If you're setting up your own kitchen shelves, you can just move things around until you find the most pleasing arrangement! Here are a few of my guidelines:
Mix old and new — antique silver platters, handmade dinner plates, and new china bowls.
Choose a small color palette and stick to it, such as white china and silver.
Choose different shapes — round, flat, plus different heights — to sit next to each other. A shelf of all round bowls or all flat plates can be a little boring.
A beautiful plate or platter leaning against the back wall of the shelves can give height to your arrangement.
Mix it up with books that you love or even a small lamp on a shelf to provide light in a dark corner.
Every day when I arrive at the barn, I think, “I can’t believe I get to work here.” I hope your beautiful displays will help you feel the same way about your kitchen!




Ask Ina:
“How do you create great flavor? What makes things taste great?”
One of the words I’ll use to describe a dish is “chic.” I see chic food like a couture dress. If the quality of the fabric is wonderful, you don’t need to do much to make it gorgeous. Good quality ingredients with very simple lines. Food is the same way!
Sometimes flavor is about simplicity — the French Apple Tart in Back to Basics is just pastry, Granny Smith Apples, sugar, butter, a little apricot jelly. It’s thin and crisp and delicious, and it’s the essence of apples.
Sometimes it’s about pairing things, like adding a little crème de cassis to a Plum Crunch. You don’t know it’s there, but it makes the plums taste great.
But you can’t always get good quality ingredients, so it can also be about how you cook something. How do you coax the flavor out of supermarket plum tomatoes when they have absolutely no taste? You roast them at a high temperature with a little olive oil and good balsamic vinegar. The sugars caramelize, and the tomatoes become incredibly delicious. It’s about how to get the most flavor out of simple ingredients.

This Week’s Favorites:
Jeffrey and I watched the new HBO documentary Billy Joel: And So It Goes. I love how he says he doesn’t think of himself as “Billy Joel!”
I started playing around with a recipe for “Sticky Chicken” that I originally got from Nora Ephron. Her recipe notes are as witty and charming as she was.

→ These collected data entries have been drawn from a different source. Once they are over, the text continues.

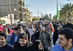 به گزارش ندای استان، راهپیمایی ۲۲ بهمن در مرکز استان از میدان قدس شهر بوشهر آغاز و شرکت کنندگان با پیمودن مسیر استادیوم شهید بهشتی تا میدان المپیک را با سر دادن شعارهای انقلابی، از جمله “مرگ بر آمریکا”، اظهارات گستاخانه مقامات آمریکایی را محکوم و بر تداوم پاسداری از آرمانهای انقلاب و خون شهدا تاکید کردند.
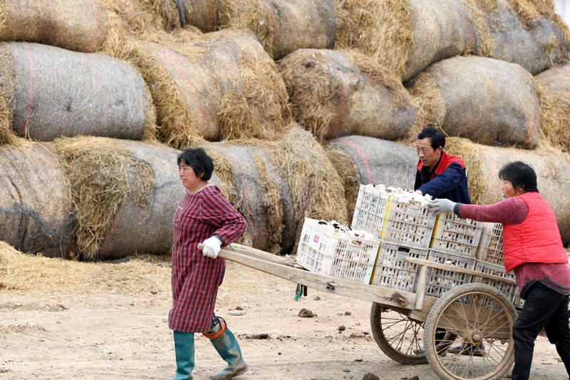 WUHE, May 9, 2019 (Xinhua) -- Deng Wei (C) transports mushroom with other villagers at the mushroom cultivation base in Xinji Village of Wuhe County, east Chinas Anhui Province, May 7, 2019. Deng Wei, 41, and his wife Ou Mingyan, 38, villagers of Xinji Village of Wuhe County, have successfully shaken off poverty after years of hard work by cultivating mushroom (Agaricus bisporus). The family plunged into poverty in 2012 when Deng lost his right arm in a traffic accident during a cargo transportation. Without source of income, Dengs family was registered as a poverty-stricken household in 2014. But Deng and his wife did not give up striving for better life. In 2017, he came back to his hometown to start mushroom cultivation business with the help from the local authority and his friends. He set up a cooperative and the annual output value reached 3 million yuan (442,772 U.S. dollars) after two-year operation. He also helped others by creating job opportunities for over 40 poverty-stricken households from neighboring villages.
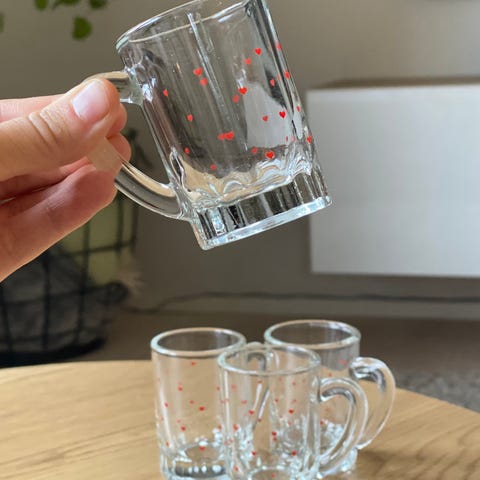 Lasten lasimuki on valmistettu lasista ja siinä on sinisellä painettu kuvitus, jossa on lapsi ja eläinhahmoja.
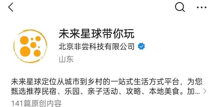 非嘗科技公司稱,自2023年1月1日開始,微信小程序更名為未來星球,通過該微信小程序用戶可以注冊(cè)會(huì)員、預(yù)定民宿、購(gòu)買旅游產(chǎn)品?!巴扑]官”也從2023年1月1日開始,統(tǒng)一改為“實(shí)習(xí)球長(zhǎng)”“月亮球長(zhǎng)”和“太陽(yáng)球長(zhǎng)”。
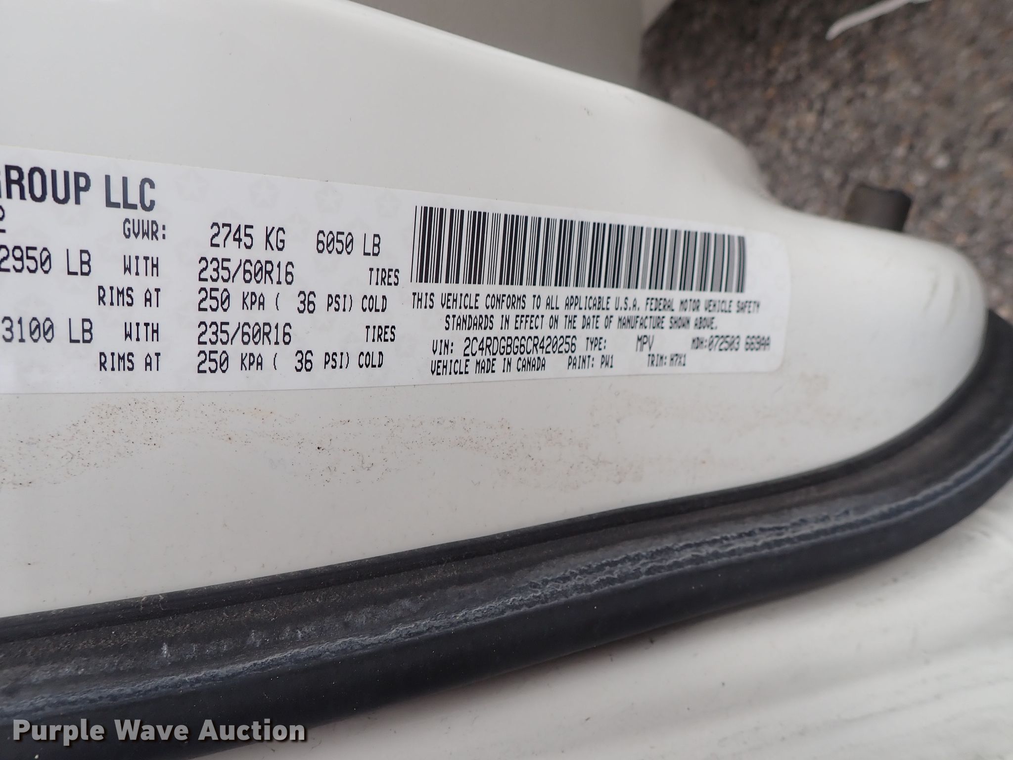 Purple Wave is selling a used Passenger Vehicle in Kansas. This item is a 2012 Dodge Grand Caravan van with the following: 191,263 miles on odometer, 3.6L V6 DOHC 24V gas engine, Automatic transmission, AC and heat, Cruise, Power windows and locks, 235/60R16 tires, Hail damage
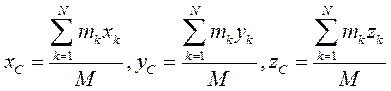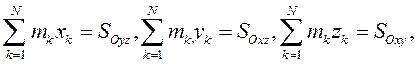 называют статическими моментами массы системы относительно координатных плоскостей. Отсюда имеем

Would love the recipe for Sticky Chicken....We all (IMO) consume a lot of chicken and a new recipe is always appreciated. Thanks Ina!
I have been following you for years ... ever since you were featured in a magazine that I received. I love your simplicity and can-do attitude. You're always so cheerful and your advice always works. You have me rethinking my kitchen! Thank you!!!